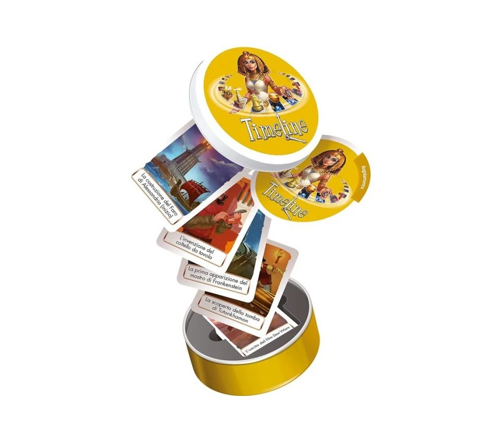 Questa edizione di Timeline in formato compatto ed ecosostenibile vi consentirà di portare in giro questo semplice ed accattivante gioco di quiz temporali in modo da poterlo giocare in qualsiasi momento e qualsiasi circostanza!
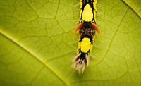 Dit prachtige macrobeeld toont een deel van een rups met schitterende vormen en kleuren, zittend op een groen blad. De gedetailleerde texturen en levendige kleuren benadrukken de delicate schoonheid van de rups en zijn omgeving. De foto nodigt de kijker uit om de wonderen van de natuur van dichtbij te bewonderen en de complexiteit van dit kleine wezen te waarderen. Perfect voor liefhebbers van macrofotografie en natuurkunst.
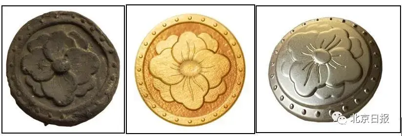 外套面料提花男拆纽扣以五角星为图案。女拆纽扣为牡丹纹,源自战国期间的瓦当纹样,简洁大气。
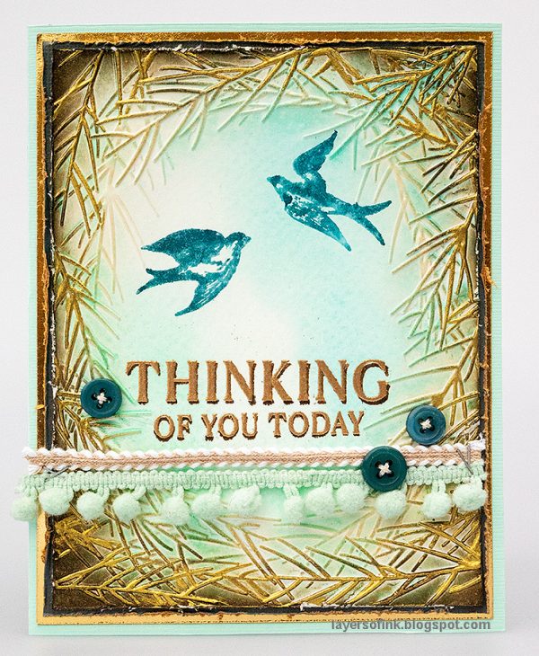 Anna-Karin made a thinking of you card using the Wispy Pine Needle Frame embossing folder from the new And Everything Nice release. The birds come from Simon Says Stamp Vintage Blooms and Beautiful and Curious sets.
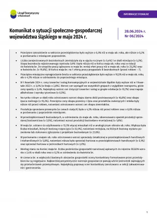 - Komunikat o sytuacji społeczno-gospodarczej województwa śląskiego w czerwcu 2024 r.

--

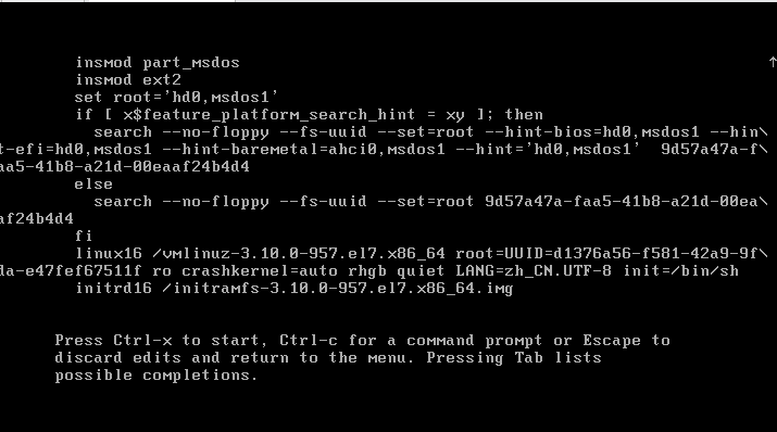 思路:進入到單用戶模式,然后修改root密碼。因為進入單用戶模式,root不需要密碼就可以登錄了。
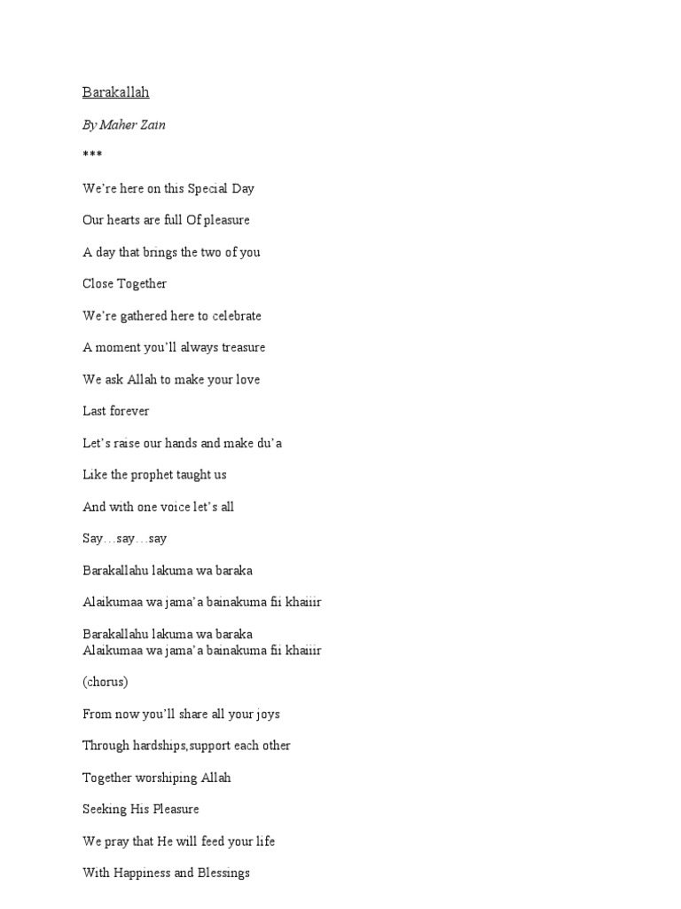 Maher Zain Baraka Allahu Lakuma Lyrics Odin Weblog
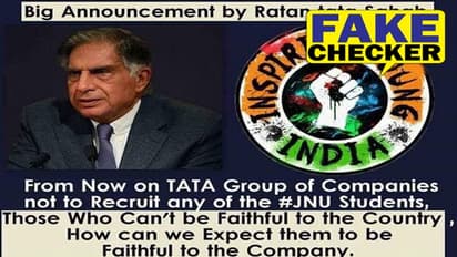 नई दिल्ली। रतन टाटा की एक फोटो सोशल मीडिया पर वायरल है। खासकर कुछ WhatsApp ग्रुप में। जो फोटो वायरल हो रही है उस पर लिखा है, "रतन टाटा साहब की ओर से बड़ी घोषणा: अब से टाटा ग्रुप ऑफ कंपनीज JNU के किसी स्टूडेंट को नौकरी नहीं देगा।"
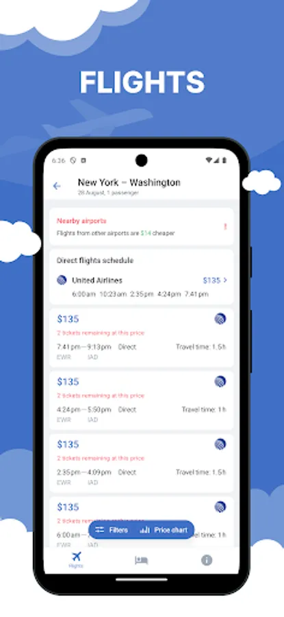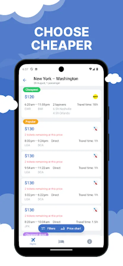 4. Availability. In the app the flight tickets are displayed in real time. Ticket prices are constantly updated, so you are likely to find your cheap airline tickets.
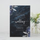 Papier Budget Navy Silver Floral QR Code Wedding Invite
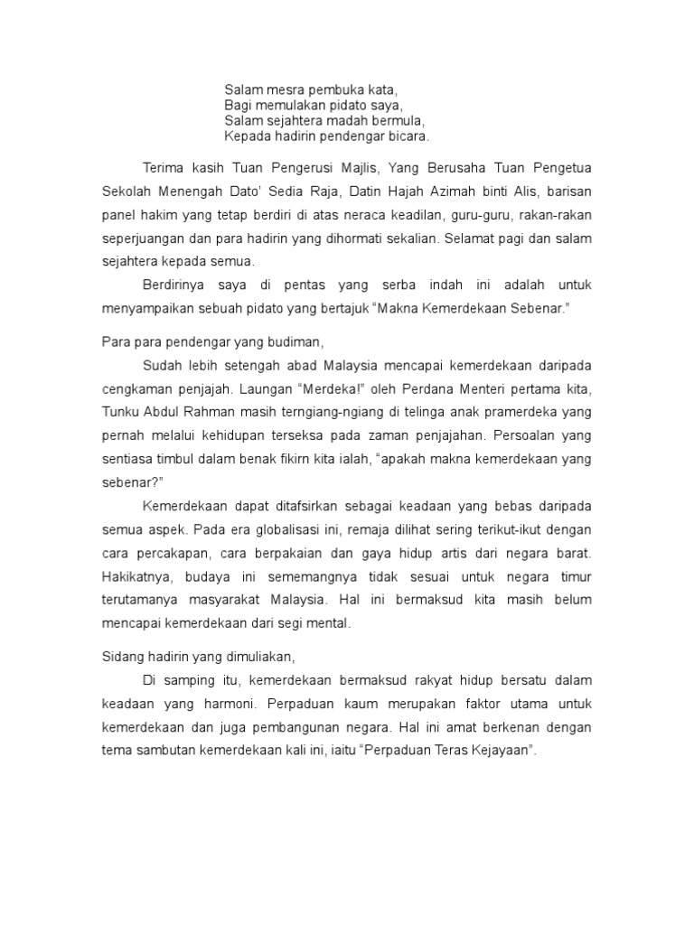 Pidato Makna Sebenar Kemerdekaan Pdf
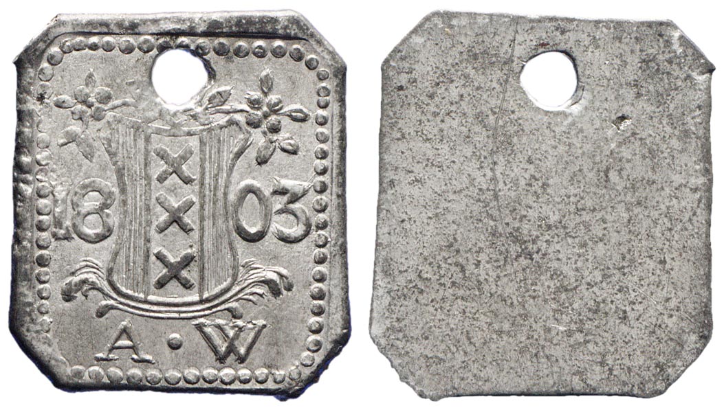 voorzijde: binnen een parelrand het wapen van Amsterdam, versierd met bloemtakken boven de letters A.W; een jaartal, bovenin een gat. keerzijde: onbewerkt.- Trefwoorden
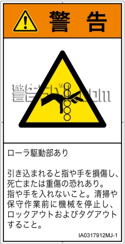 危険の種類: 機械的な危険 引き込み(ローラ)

* * *

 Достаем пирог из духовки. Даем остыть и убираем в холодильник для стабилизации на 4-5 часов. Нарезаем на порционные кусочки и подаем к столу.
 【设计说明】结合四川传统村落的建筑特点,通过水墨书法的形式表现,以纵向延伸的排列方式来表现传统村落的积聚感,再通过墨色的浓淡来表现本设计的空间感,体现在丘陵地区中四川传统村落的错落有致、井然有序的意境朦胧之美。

> [WORK TO COMPLETE]
Which part of the entries opens with the line containing "Papier Budget Navy" and closes with the line containing "危険の種類: 機械的な危険 引き込み(ローラ)"? Output that part exactly, ends included, pictures excluded.

> [THE COMPLETED TASK]
 Papier Budget Navy Silver Floral QR Code Wedding Invite
 Pidato Makna Sebenar Kemerdekaan Pdf
 voorzijde: binnen een parelrand het wapen van Amsterdam, versierd met bloemtakken boven de letters A.W; een jaartal, bovenin een gat. keerzijde: onbewerkt.- Trefwoorden
 危険の種類: 機械的な危険 引き込み(ローラ)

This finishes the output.